REVIEW / FILM OPINION – On a complex and still hot subject, Thierry de Peretti deciphers the construction of a media narrative and questions the corruption of institutions as well as the more intimate corruption of the personal motives of individuals. “Investigation into a state scandal” is a great, vertiginous film, which, sure of its strength, offers itself to the doubt attached to any narrative.
State Scandal Investigation cinema of mirrors
We do not get rid of the disorder that seizes when ends State Scandal Investigation. An ambiguous confusion, as if both completely everything and absolutely nothing had been said. While everything was there, perfectly staged, photographed, and interpreted. However, the truth of Thierry de Peretti’s film does not appear as one might imagine, simple and clear.
If it appears, it is according to the only modality possible for any truth. Like an agreement, a convention, a concept, and at best a shared reality fact. It should be remembered that truth and art have thus never had much to do, and paradoxically especially when the cinema falls in love with a resounding news item.
Like each of the protagonists in the case at stake, State Scandal Investigation tries his story. He invents a story, which is not that of the journalist Stéphane Vilner (Pio Marmaï), nor that of the informant Hubert Antoine (Roschdy Zem), nor that of the former narcotics chief Jacques Billard (Vincent Lindon).
It is a bit of all these stories, captured and developed in a story conceived as a long dialogue between Stéphane and Hubert, with its ellipses, its misunderstandings, its lies too. The truth is a speech, the cinema is a speech, and it is there the real theme of the movie extraordinarily brilliant by Thierry de Peretti.
At the heart of a major scandal
To bring this serious affair to light in 2016, Emmanuel Fansten (Stéphane Vilner in the film), a journalist for Liberation, publishes an investigation into the involvement of narcotics and particularly the former number 1 in the fight against drugs in international traffic.
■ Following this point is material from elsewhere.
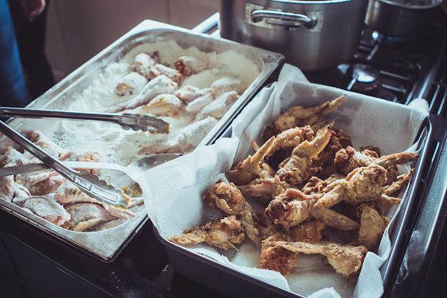 While cooking for our charity supperclub last weekend, we discovered what is possibly the holy grail of chicken wings, and it is not in buffalo form. I do love buffalo, don't get me wrong, but this transcends it. It takes the wing tip and uses it as a sticky handle, and using it you can lever it to your face to bite into. A sweet salty glaze, made using fish sauce and sugar and dark soy, coats the wing to make sure you cannot come away cleanliness intact. It is also a fact(oid) that pork and salt and sugar are the holy trinity of flavour.
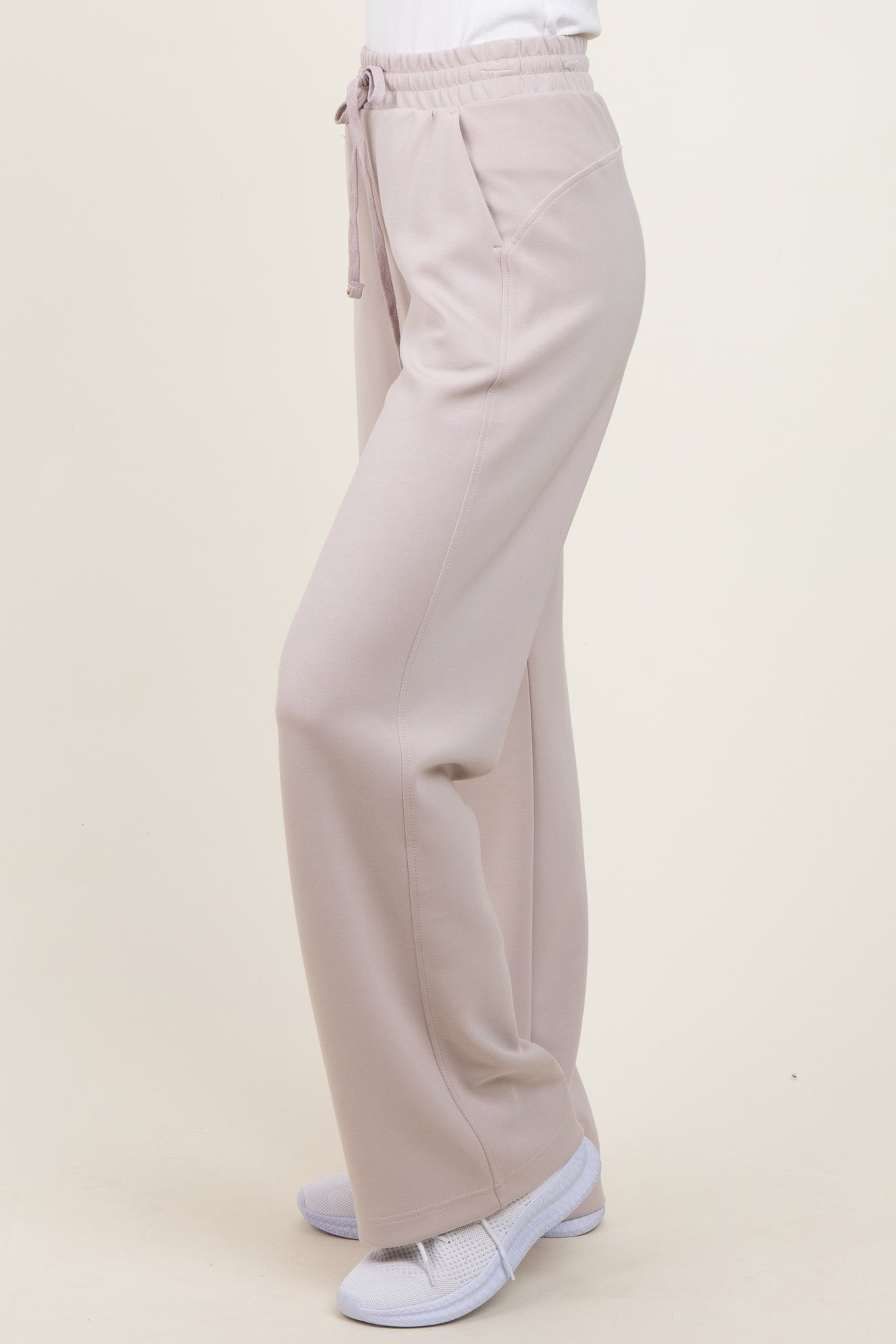 Cream Straight Leg Drawstring Sweatpants

The trigger event is the discovery by customs of a shipment of 7 tons of cannabis resin in the middle of Paris, on October 17, 2015, loaded into three vans parked on Boulevard Exelmans, in the very chic 16th arrondissement.
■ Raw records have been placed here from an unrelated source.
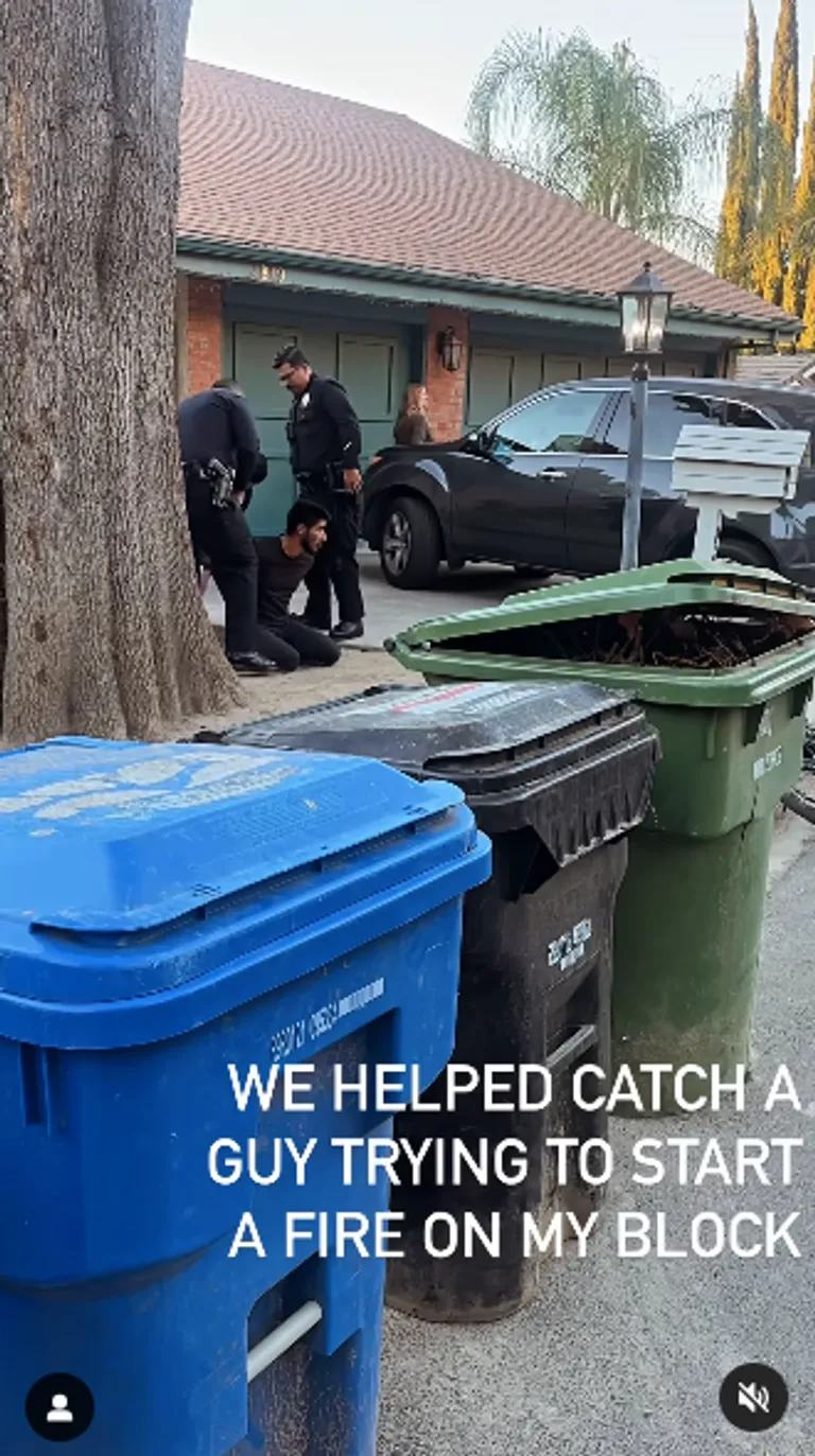 While speaking to KTLA 5 about what happened, Grinshpun revealed, “We were sitting in the backyard and suddenly, we hear a car come to a screeching halt and the guy is running out saying, ‘Stop! Drop what you’re holding! Neighbors, he’s trying to start a fire! Call 911!'”
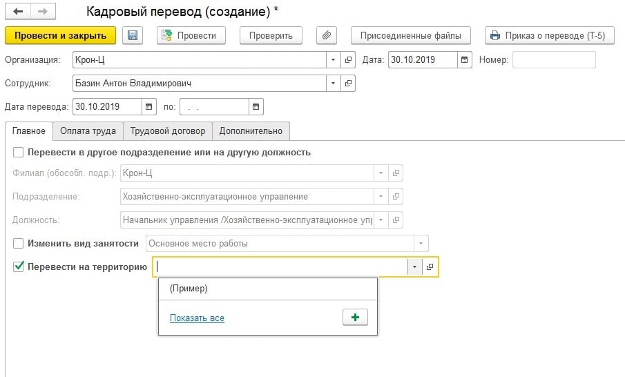 Указать необходимую территорию сотруднику можно разными документами, например, сразу при приеме на работу, либо кадровым переводом, либо перемещением между территориями. После этого, все движения по НДФЛ будут собираться по нужной нам ИФНС.
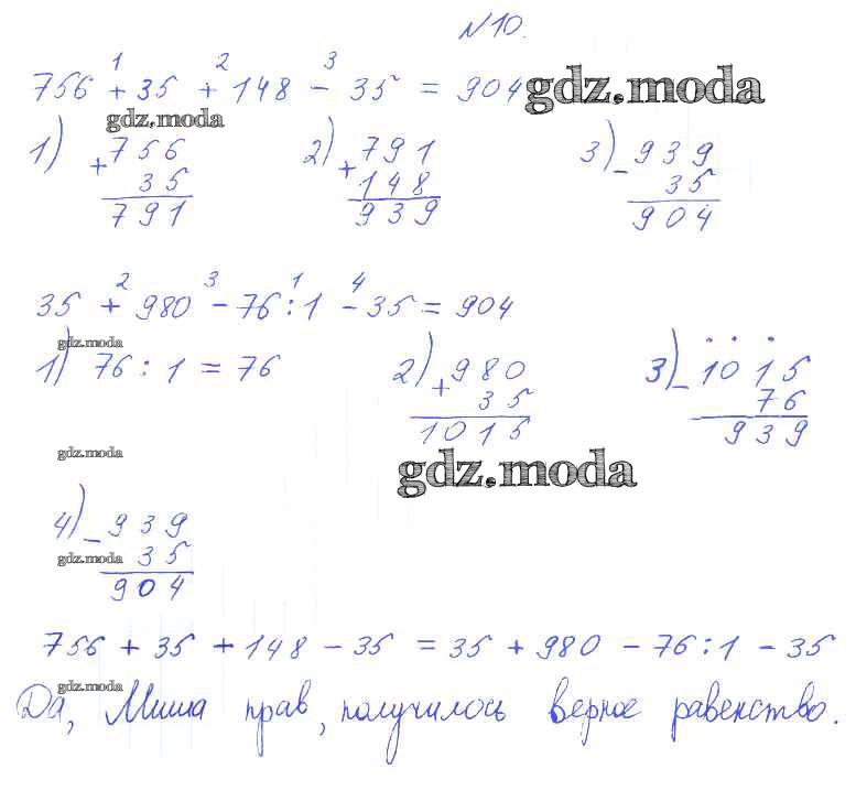ОТВЕТ на задание № 10 Учебник по Математике 3 класс Рудницкая Начальная школа XXI века
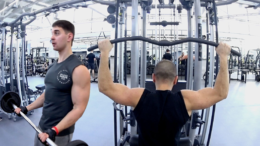 Пригласил брата в фитнес центр . Тренировка спины на ширину и массу . Тренажёрный зал .
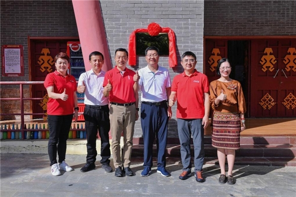 毛道鄉(xiāng)“消碳莊園”揭牌,從左到右分別為:海南太古可口可樂(lè)總經(jīng)理宋麗華、五指山市人民政府黨組成員、副市長(zhǎng)高亮、太古可口可樂(lè)中國(guó)區(qū)首席執(zhí)行官黨建、中國(guó)綠化基金會(huì)副主席兼秘書長(zhǎng)陳蓬、可口可樂(lè)大中華及蒙古區(qū)副總裁張建弢、毛道鄉(xiāng)黨委書記黃凌鳳
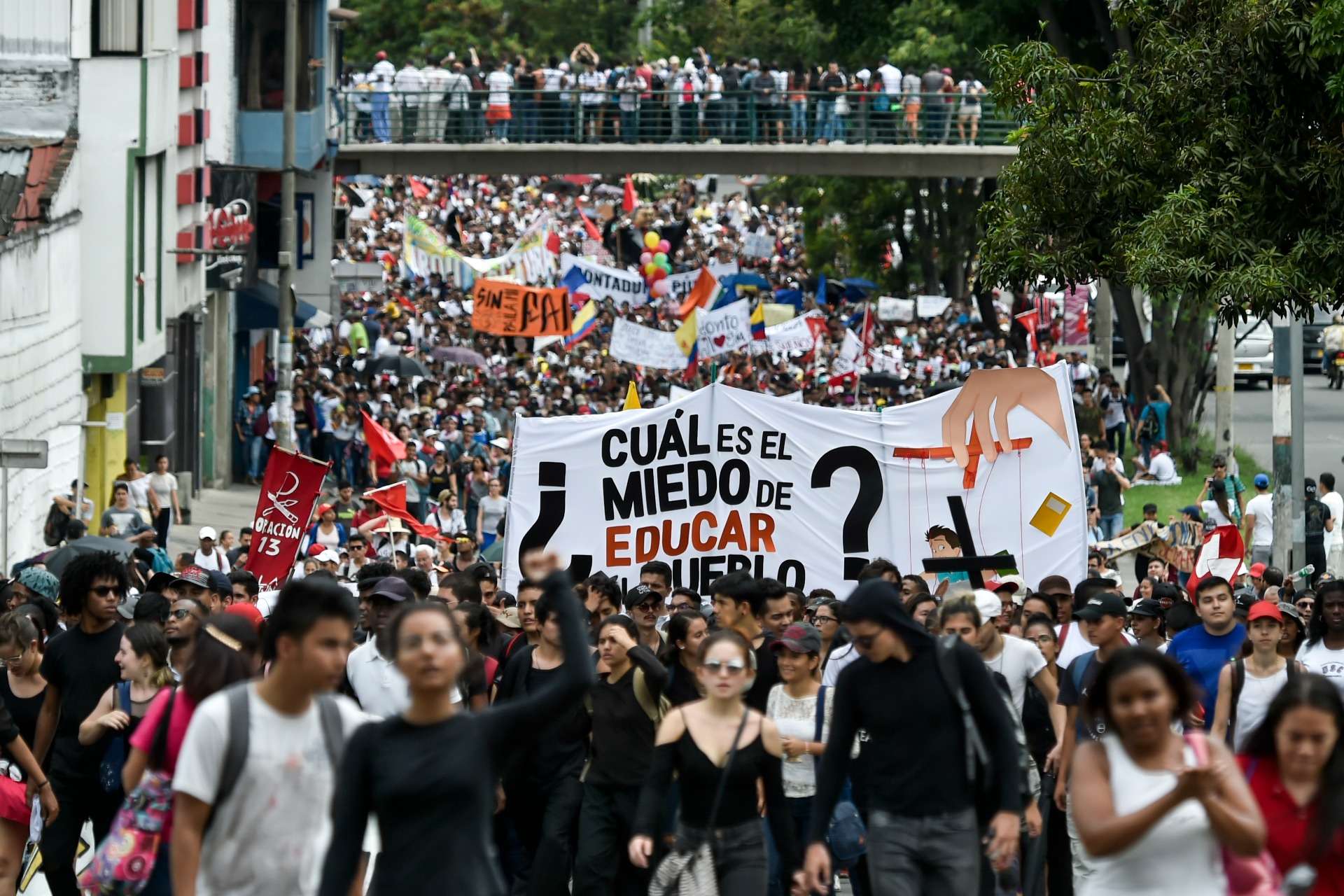 Miles de estudiantes colombianos salieron a protestar en las principales ciudades del país, debido a un déficit financiero que sufrió el sistema educativo por la falta de compromiso del presidente Iván Duque.

The investigation reveals the involvement of a major drug trafficker, who also happens to be a valuable informant for the Central Office for the Suppression of Illicit Drug Trafficking, then headed by François Thierry (Jacques Billard in the film).
Emmanuel Fansten is informed by a former undercover narcotics agent, Hubert Avoine (Hubert Antoine in the film). It is thanks to his testimony that he will be able to update what looks like a state scandal. Together they publish the book The infiltrator: From the hunt for Chapo Guzman to the French narcotics scandal in 2017. So three men, a journalist, an informant, and a “big” cop, to a complex case that does not want to find its end. So who did what? Who is right?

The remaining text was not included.